Aktualnie model X to flagowe słuchawki w ofercie OpenRock, które zaskakują już na samym starcie swoim pudełkiem, które… no cóż, jest unikalne. Twardy karton, ciekawa forma, unikalne wzornictwo, a w środku dodatkowe wyposażenie w formie srebrnego karabińczyka, instrukcji obsługi oraz przewodu ładującego. Innymi słowy, to standard, ale sama forma podania OpenRock X sprawia fenomenalne pierwsze wrażenie o to nawet jeśli jest na wskroś przesadzona.






Na całe szczęście pudełko to nie wszystko. OpenRock X wyróżniają się również swoją formą, bo producent umieścił je w sporych rozmiarów (91x46x32 mm) aluminiowym etui ładującym, którego sposób otwierania przypomina otwieranie tajnej szafeczki. Po prostu wciskamy stronę z diodą informującą o poziomie naładowania akumulatora, do naszych uszu dochodzi przyjemny klik, szufladka z tworzywa sztucznego wysuwa się nieco, a my możemy albo dynamicznie machnąć etui, aby je otworzyć, albo po prostu pociągnąć w nudny sposób za szufladkę aż do usłyszenia kolejnego stuknięcia.

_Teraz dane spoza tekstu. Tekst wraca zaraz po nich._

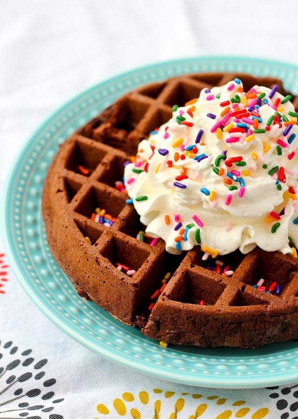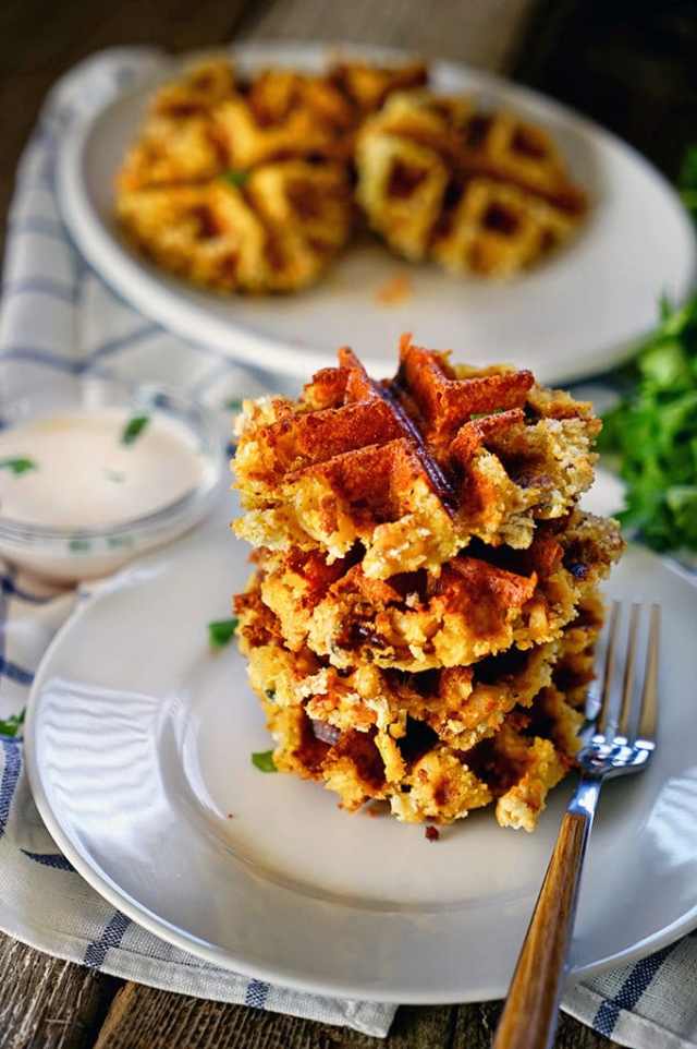 Great for cool autumn nights, these cornbread waffles are a nice twist on the traditional treat. Add in your fave savory sides like bacon and cheese to make this entree-worthy recipe a complete meal. Get the recipe at My Gorgeous Recipes.
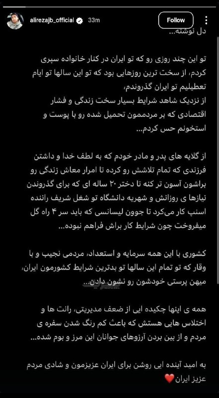 استوری اعتراضی علیرضا جهانبخش به وضعیت موجود
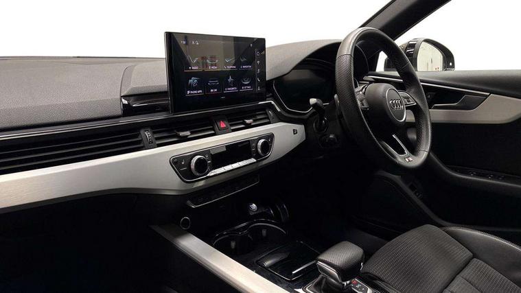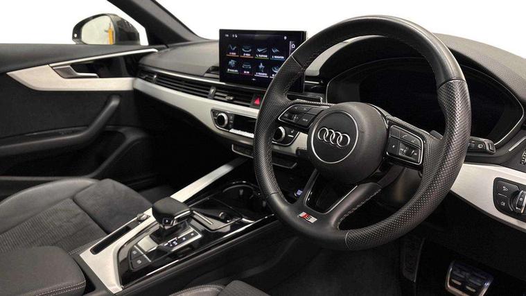 Audi connect safety and service (e-call), Audi connect with Amazon Alexa Integration, Audi drive select, Audi smartphone interface, Audi virtual cockpit, Automatic start-stop system with coasting functionality and efficiency programme, Bluetooth interface, Electromechanical power steering, Email, calendar and text messages displayed via MMI, MMI Navigation plus with MMI touch includes 10.1" high resolution colour MMI display, 3D map, Power operated tailgate, Voice control system, 54 litre fuel tank, Sports suspension lowered by 23mm, 2 USB charging ports, 8 passive loudspeakers, DAB digital radio reception, Aluminium roof rails, Auto dimming rear view mirror, Body colour door handles, Body colour front spoiler lip, Body colour side sill trim, Body coloured door mirrors, Electrically folding auto dimming/adjustable/heated door mirrors with LED side indicators and kerb view function for passenger side, Grained matt black side air inlets with matt aluminium silver inlay, High beam assistant, Honeycomb structure radiator grille in grained matt black, LED headlights with LED rear lights + dynamic rear indicators + headlight adjustment and high beam, turning light + LED daytime running lights, LED third brake light, Matt aluminium silver tailpipe trim, Privacy glass, Rain and light sensors, Rear side wing doors, Rear wiper, S Line badges on the front wings, S line front and rear bumpers with side skirts, S Line rear diffuser in matt anthracite black with trim strip in matt aluminium silver, S Line roof edge spoiler, Variable intermittent front wash/wipe, Windscreen with acoustic glazing, 3 spoke high multi-function sports leather steering wheel grips in perforated leather with S badging including paddle shift, 4 way electric lumbar support for driver and front passenger, 40/20/40 split folding 3 rear seat bench in 3 parts with rear centre armrest, Black cloth headlining, Black perforated leather gearknob, Contrast stitching on seats, steering wheel and gear lever gaiter, Deluxe 3 zone electronic climate control, Door sill trims with aluminium inlay, Electric load area cover, Front and rear head restraints, Front centre armrest, Heated front seats, Illuminated door sill trims with S logo, ISOFIX child seat mounting and top tether, Manual seat adjustment, Single front passenger seat, Stainless steel pedals and foot rest, High gloss package - A4, LED Interior light pack - A4/S4, 3 rear seatbelts, 6 airbags - Driver, front passenger, curtain and side windows, Electronic Stabilisation Control (ESC) including ABS, ASR and EDL, Hill hold assist, Multi collision brake assist, Pop-up bonnet for pedestrian protection, Pre sense city, Rear door child safety locks, Seatbelt monitoring, Warning triangle and first aid kit, Anti theft alarm, Anti theft wheel bolts, Central locking, Keyless Go, Matt brushed aluminium inlays, Tool kit, Tyre repair kit,

Nie musicie się martwić, że szufladka otworzy się “sama”, bo posiada w tej kwestii stosowne zabezpieczenia, co tyczy się też samych słuchawek, utrzymywanych w dedykowanych dla siebie lukach za pomocą magnesów.
Czytaj też: Test Steelseries Arctis GameBuds. Dokanałowe słuchawki specjalne dla graczy






Etui ma też do zaoferowania port USB-C do ładowania, silikonowy uchwyt na karabińczyk dołączony do zestawu oraz ukryty przycisk przywracania ustawień fabrycznych. Wyróżnia się jednak przede wszystkim swoim fenomenalnym wyglądem zwłaszcza w kolorze pomarańczowym, ale musimy pamiętać, że jest nawet dwukrotnie większe od etui innych słuchawek typu TWS. Nie jest to jednak kwestia czysto designerska, bo OpenRock X to po prostu większe słuchawki od wszystkiego, do czego przyzwyczaiły nas dokanałowe i douszne modele.

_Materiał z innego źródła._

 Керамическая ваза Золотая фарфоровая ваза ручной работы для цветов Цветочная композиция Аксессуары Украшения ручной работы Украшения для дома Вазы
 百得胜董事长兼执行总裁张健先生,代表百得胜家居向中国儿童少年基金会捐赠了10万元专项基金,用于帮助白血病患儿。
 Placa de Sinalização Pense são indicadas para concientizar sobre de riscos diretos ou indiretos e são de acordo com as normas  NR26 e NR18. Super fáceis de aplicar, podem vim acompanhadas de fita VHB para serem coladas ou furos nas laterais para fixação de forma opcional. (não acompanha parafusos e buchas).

OpenRock X to słuchawki typu open-ear, co oznacza, że nie wypełniają one małżowiny ani kanału słuchowego, a jedynie go “zasłaniają”. W skrócie, to “małe głośniki przy uszach”, co nie jest w żadnym razie wadą, a cechą tego modelu, który wody się nie boi, co potwierdza certyfikat IPX5. Taką konstrukcją powinni zainteresować się wszyscy, którzy odczuwają dyskomfort, kiedy noszą tradycyjne słuchawki dokanałowe, lub ci, którzy muszą być świadomi dźwięków z otoczenia. Jest to szczególnie przydatne podczas biegania czy jazdy na rowerze, kiedy warto wiedzieć, co dzieje się wokół nas.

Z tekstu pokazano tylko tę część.